# MEDIO FÍSICO > Embalses > Embalses - General >  Los embalses empiezan a llenarse (Asturias febrero 2018)

## JMTrigos

Articulo de El Comercio 13-2-2018.
http://www.elcomercio.es/asturias/em...2100-ntvo.html



> Siguen lejos de su nivel habitual para el invierno, pero también han dejado atrás la escasez de los meses de sequía. Los embalses asturianos se encuentran ahora al 75% de su capacidad, tras ganar siete hectómetros gracias a las precipitaciones casi continuadas de la última semana. Según los registros de la Agencia Estatal de Meteorología, salvo el sábado, en todos los días de la semana pasada se recogieron cantidades apreciables de agua por metro cuadrado.
> 
> En la actualidad los pantanos acumulan un 7% más de recurso que el año pasado por estas fechas.
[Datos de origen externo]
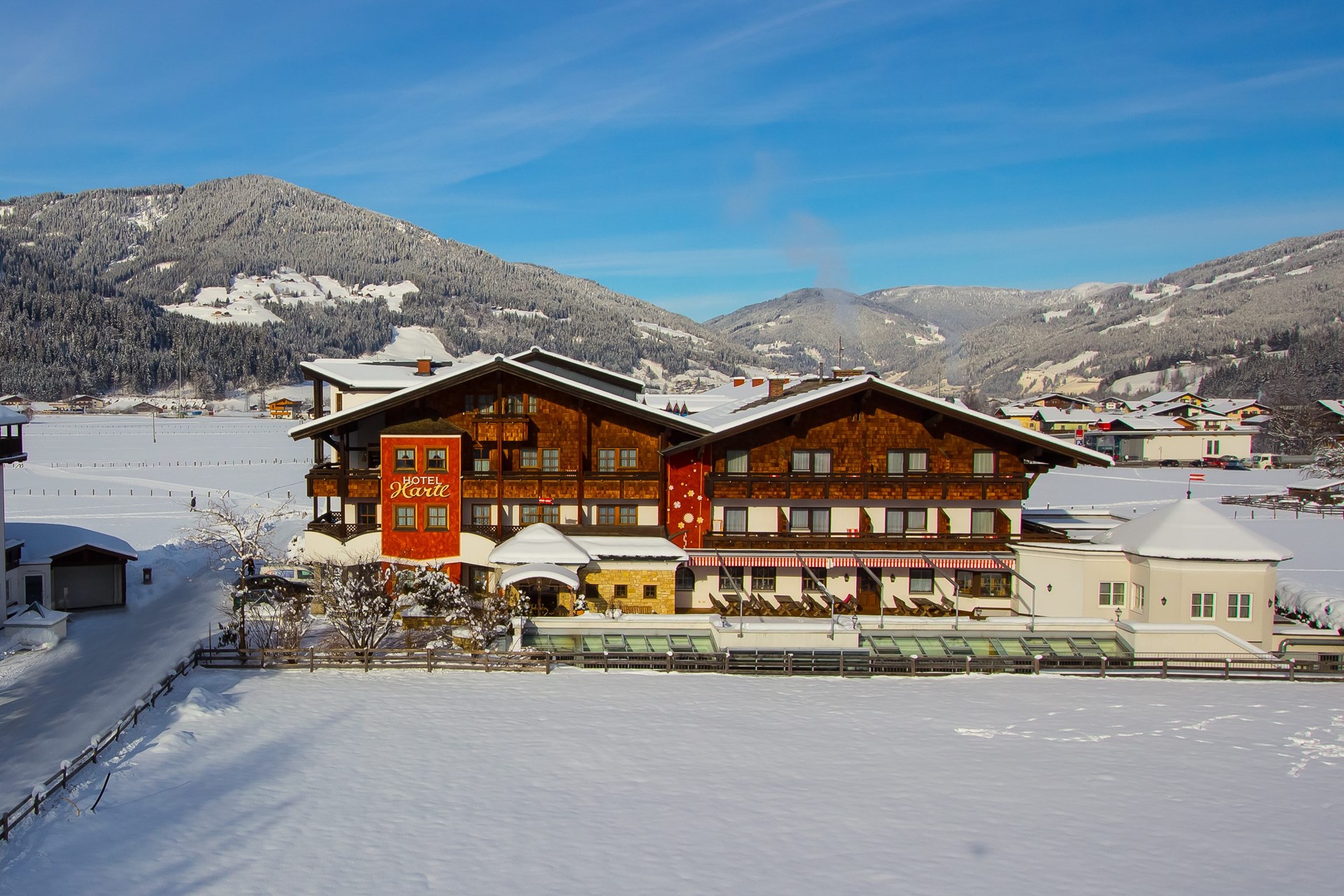 Het hotel bevindt zich op slechts 200 m van de gondel ‘Achterjet’. Een extra troef is dat het hotel een gratis, verwarmde skidepot ter beschikking stelt voor de hotelgasten aan de gondel. Salzburger Sportwelt bestaat uit een aaneenschakeling van de acht bekendste skigebieden van de regio rond Salzburg. De enorme skicarrousel rond de skistations Flachau, Wagrain-Kleinarl, St.Johann-Alpendorf, Radstadt, Altenmarkt-Zauchensee, Eben en Filzmoos vormt de kern van het uitgebreide skigebied ‘Salzburger Sportwelt’.
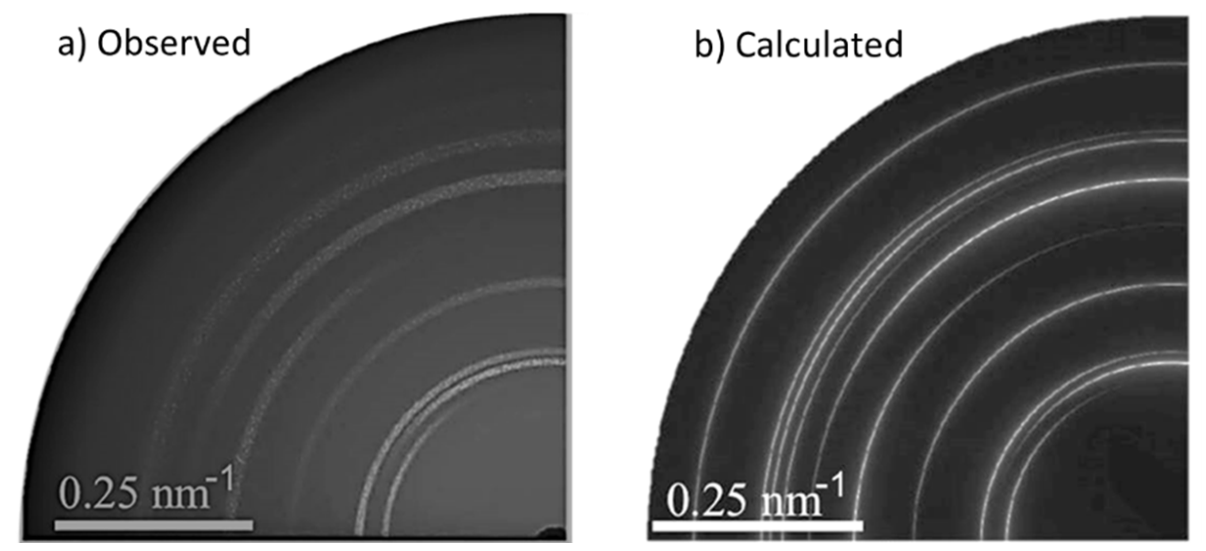 - Fuentes-Montero, L.; Montero-Cabrera, M.E.; Fuentes-Cobas, L. The software package ANAELU for X-ray diffraction analysis using two-dimensional patterns. J. Appl. Crystallogr. 2010, 44, 241–246. [Google Scholar] [CrossRef]

Los arranques de año de 2017 y 2018 se confirman sin embargo entre los más pobres del nuevo siglo. Durante la última década lo habitual es que las presas llegaran a estas alturas de febrero con 394 hectómetros retenidos. Ayer atesoraban 31 hectómetros menos que eso.
> 
> Con todo, Asturias se mantiene entre las regiones con abundancia de líquido elemento. Solo País Vasco y Navarra presentan umbrales más altos, con un 82% y un 76% respectivamente. Todo ello en un país que sigue reclamando agua a gritos. Los pantanos de España están de media al 42,12% de su capacidad, proporción que se explica por las escaseces que persisten en Castilla La Mancha y Murcia (18%), comunidad Valenciana (25%) y Castilla y León y Andalucía (36%) entre otros.
> 
> A la espera de que el temporal ceda su testigo al deshielo, la preocupación pasa de los pantanos a los ríos. Por ahora todos los de la región se encuentran entre uno y dos metros por debajo del cauce a partir del cual la Confederación Hidrográfica del Cantábrico activa la situación de seguimiento.

----------